Apart from the pictures, reproduce the data below exactly as it stands.

DATASET CONTENT:
· · · · ·

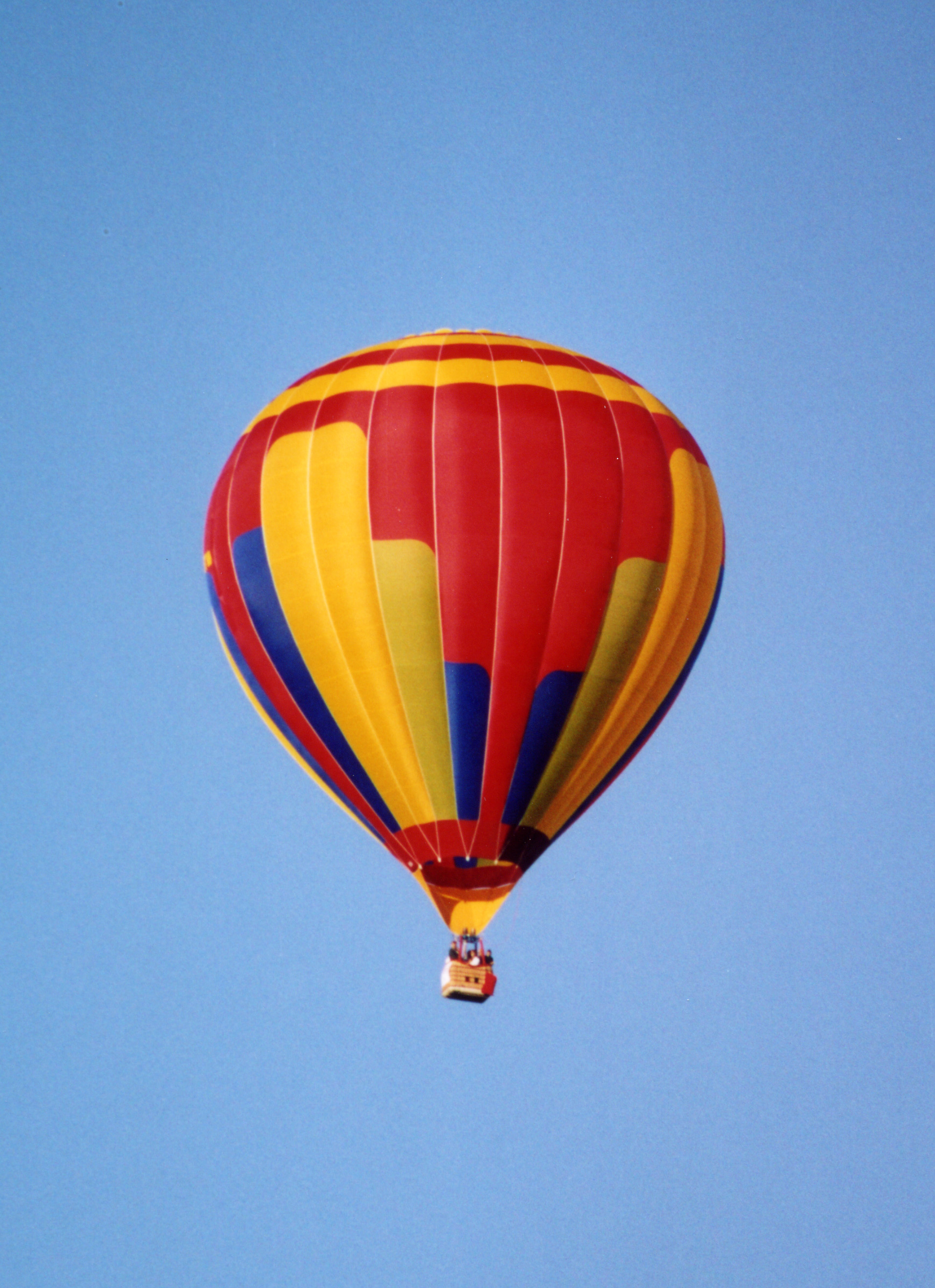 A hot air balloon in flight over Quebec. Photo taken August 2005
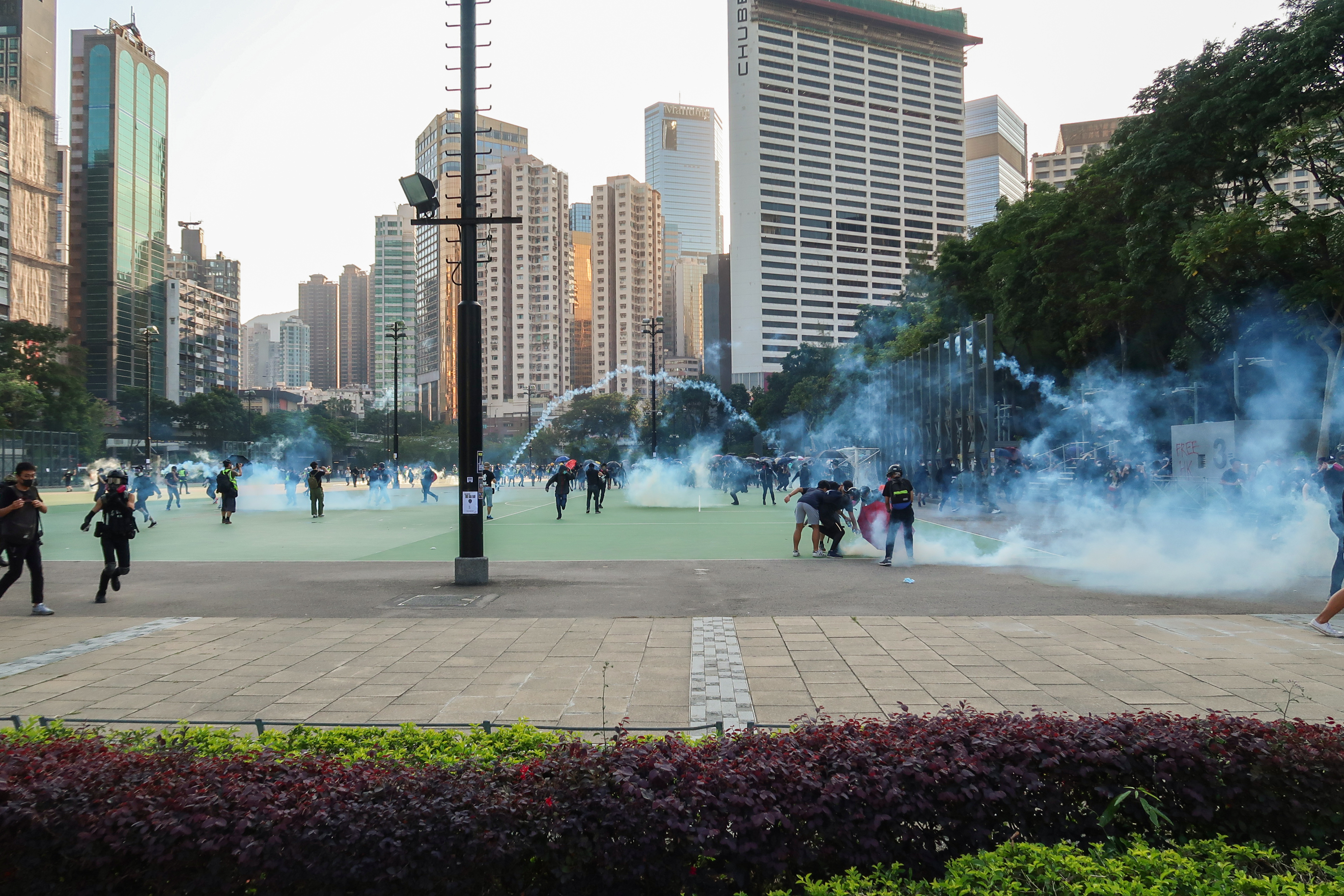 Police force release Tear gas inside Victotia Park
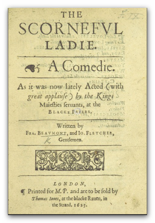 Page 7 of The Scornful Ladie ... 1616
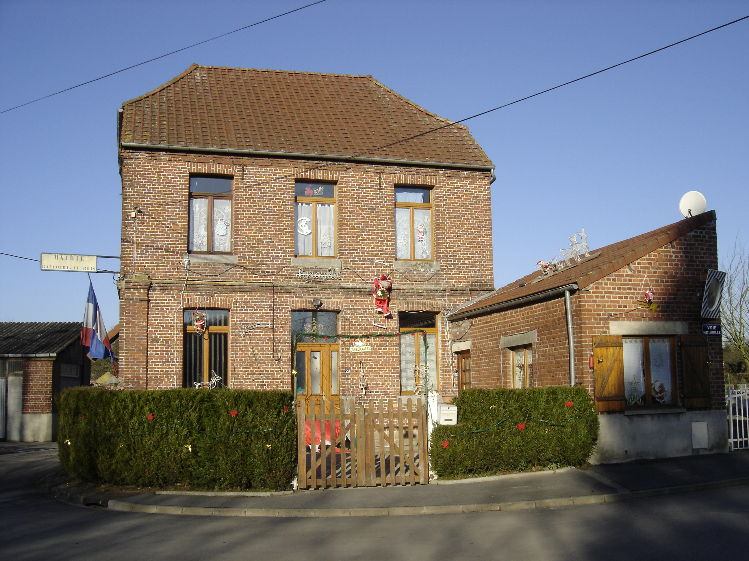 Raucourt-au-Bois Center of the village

· · · · ·

EXERCISE OUTPUT:
 A hot air balloon in flight over Quebec. Photo taken August 2005
 Police force release Tear gas inside Victotia Park
 Page 7 of The Scornful Ladie ... 1616
 Raucourt-au-Bois Center of the village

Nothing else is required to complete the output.